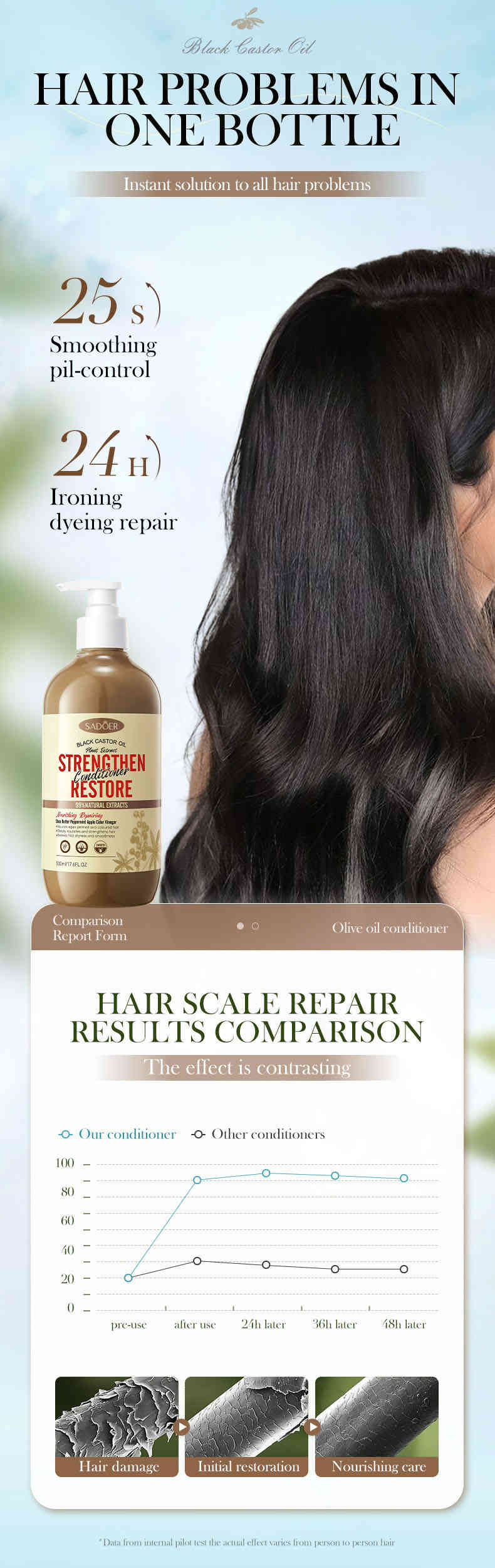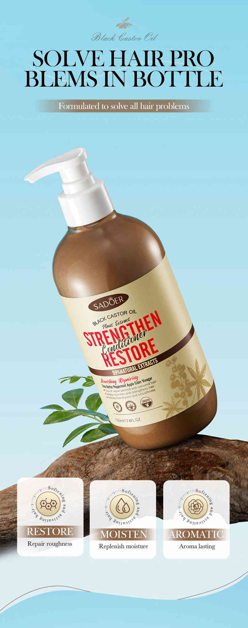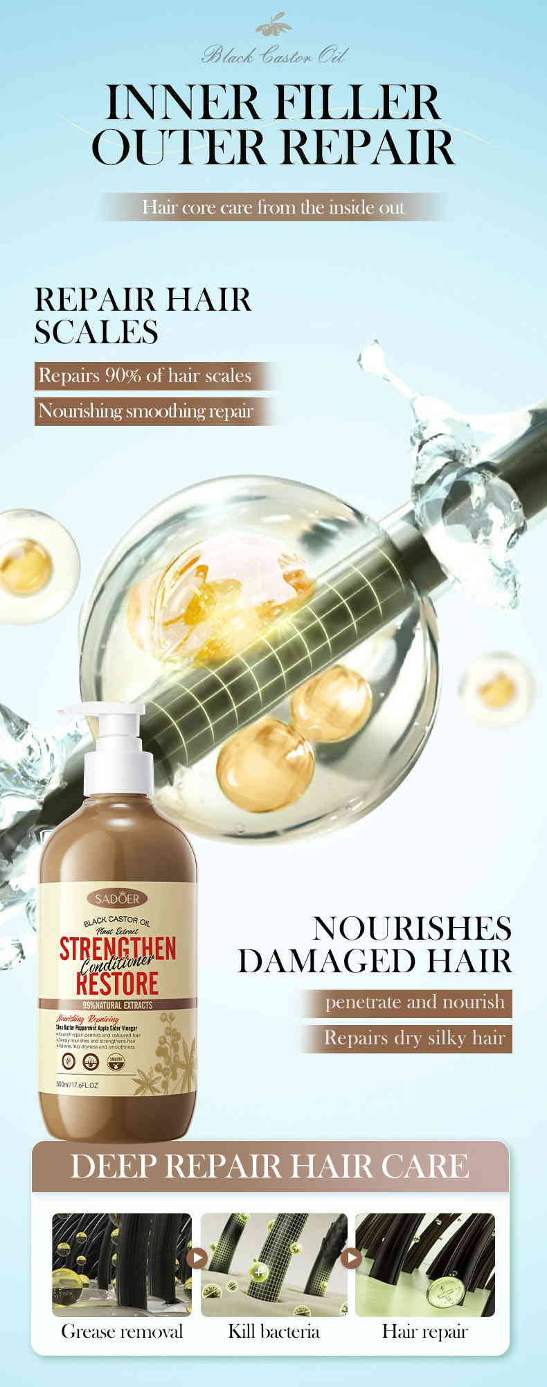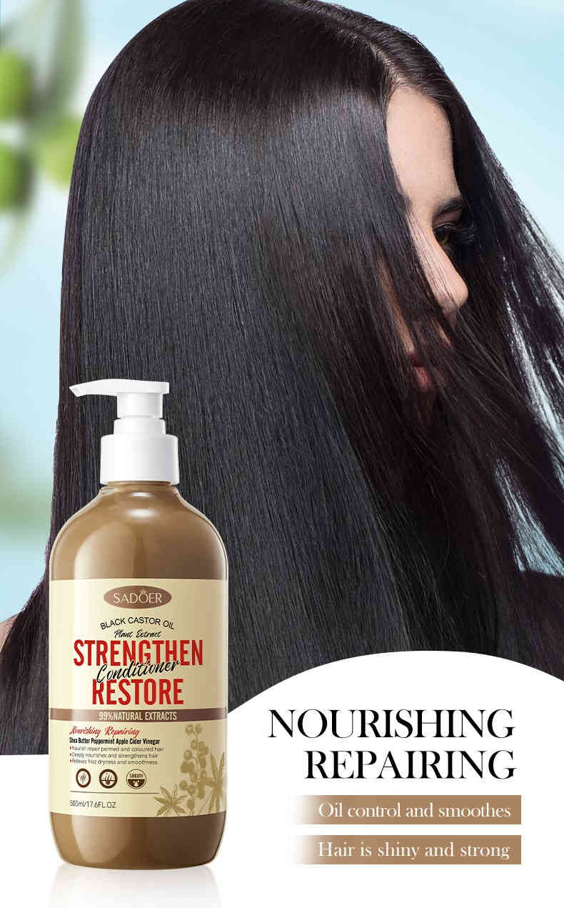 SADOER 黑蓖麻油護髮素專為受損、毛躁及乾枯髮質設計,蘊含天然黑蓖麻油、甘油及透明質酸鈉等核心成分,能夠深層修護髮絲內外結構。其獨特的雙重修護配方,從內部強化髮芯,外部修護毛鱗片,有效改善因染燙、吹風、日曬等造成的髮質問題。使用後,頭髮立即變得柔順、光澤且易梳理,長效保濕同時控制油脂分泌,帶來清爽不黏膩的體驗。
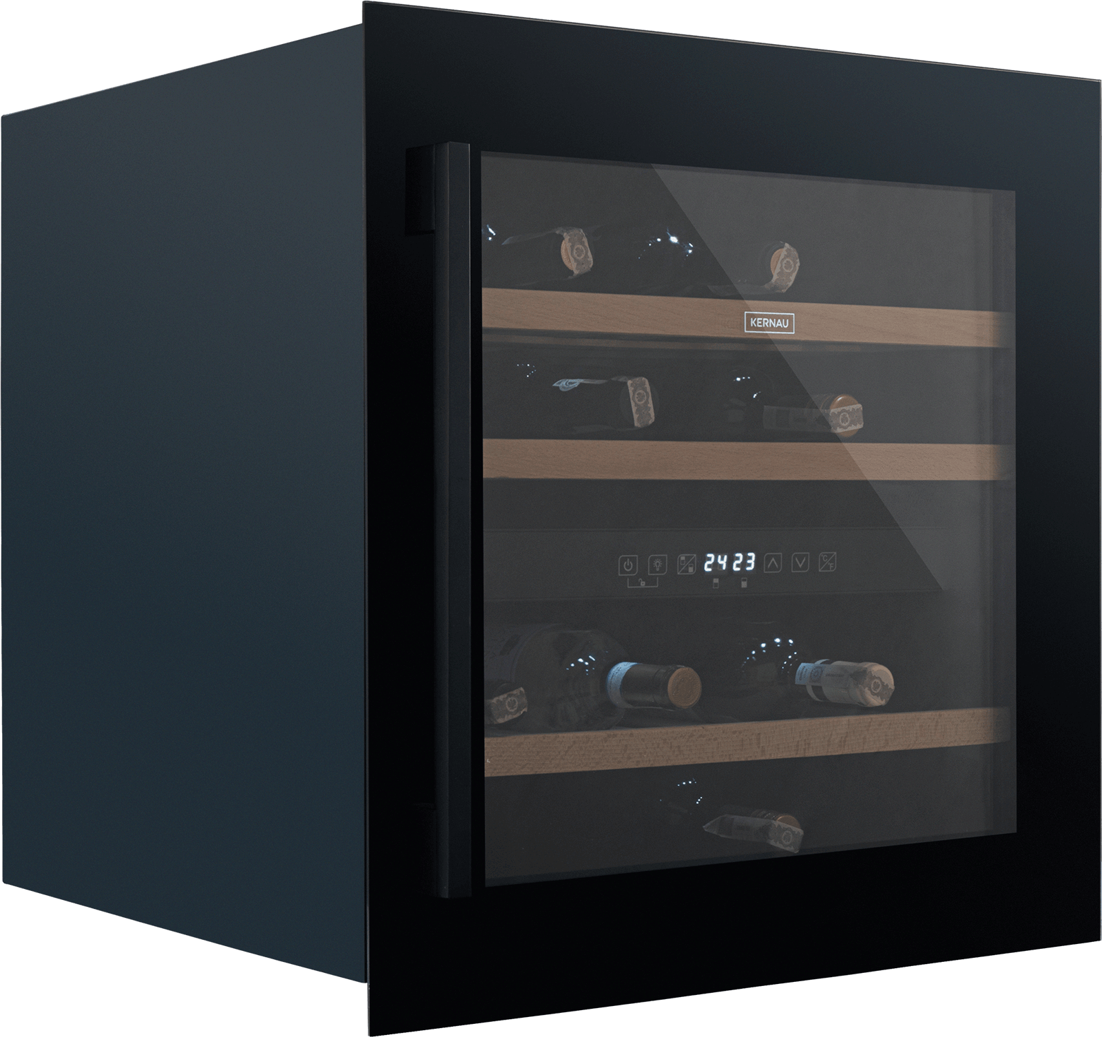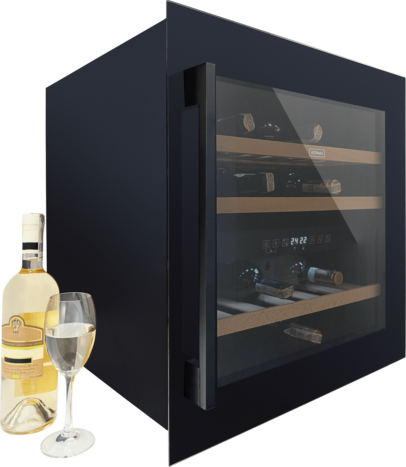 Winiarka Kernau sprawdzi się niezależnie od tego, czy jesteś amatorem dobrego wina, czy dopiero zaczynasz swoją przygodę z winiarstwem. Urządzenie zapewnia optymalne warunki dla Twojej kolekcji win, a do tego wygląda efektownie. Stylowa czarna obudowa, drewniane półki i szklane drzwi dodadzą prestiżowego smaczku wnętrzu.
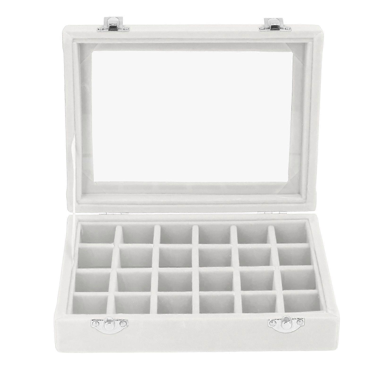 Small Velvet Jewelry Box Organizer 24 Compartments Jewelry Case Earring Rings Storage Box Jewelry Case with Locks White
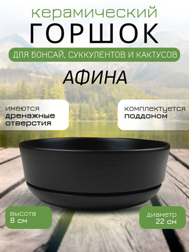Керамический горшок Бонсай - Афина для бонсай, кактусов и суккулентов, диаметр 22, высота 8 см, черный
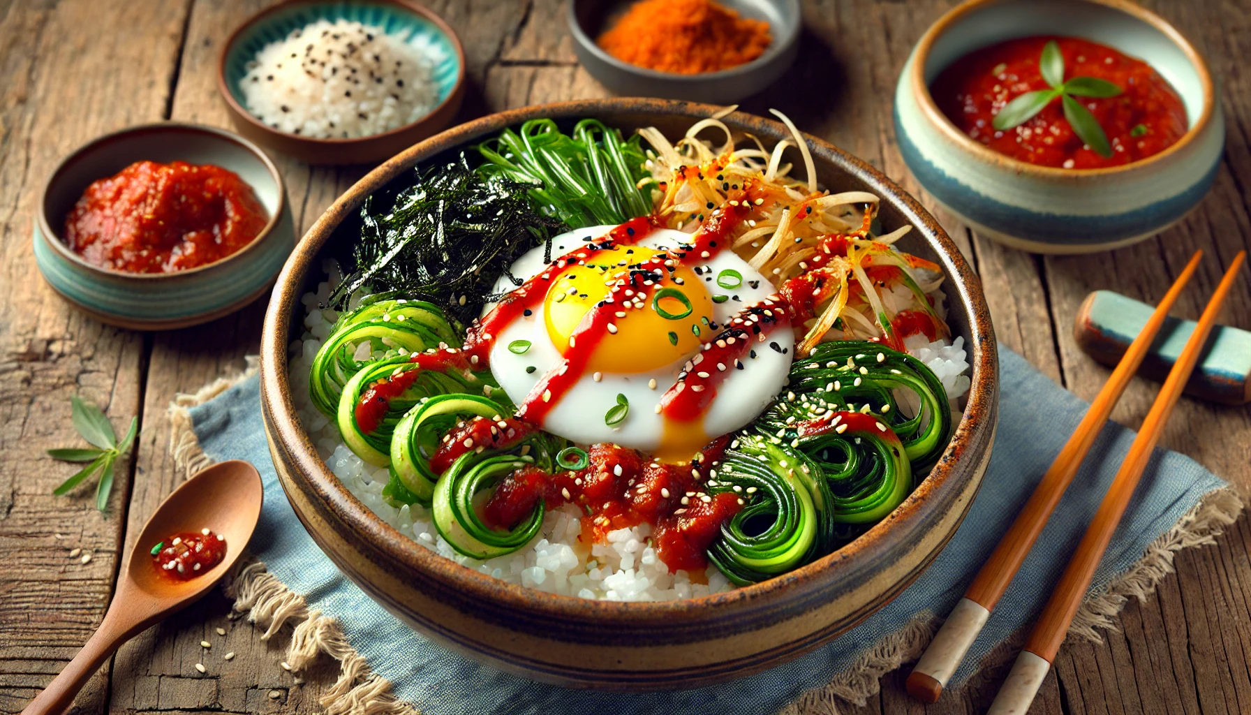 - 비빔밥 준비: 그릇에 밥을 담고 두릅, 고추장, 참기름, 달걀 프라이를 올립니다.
━━━━━━━━━━
_Assignment_
Every line between the one containing "Small Velvet Jewelry" and the last line of the data above, both included, should be copied exactly, but not the pictures.

_Exercise response_
 Small Velvet Jewelry Box Organizer 24 Compartments Jewelry Case Earring Rings Storage Box Jewelry Case with Locks White
Керамический горшок Бонсай - Афина для бонсай, кактусов и суккулентов, диаметр 22, высота 8 см, черный
 - 비빔밥 준비: 그릇에 밥을 담고 두릅, 고추장, 참기름, 달걀 프라이를 올립니다.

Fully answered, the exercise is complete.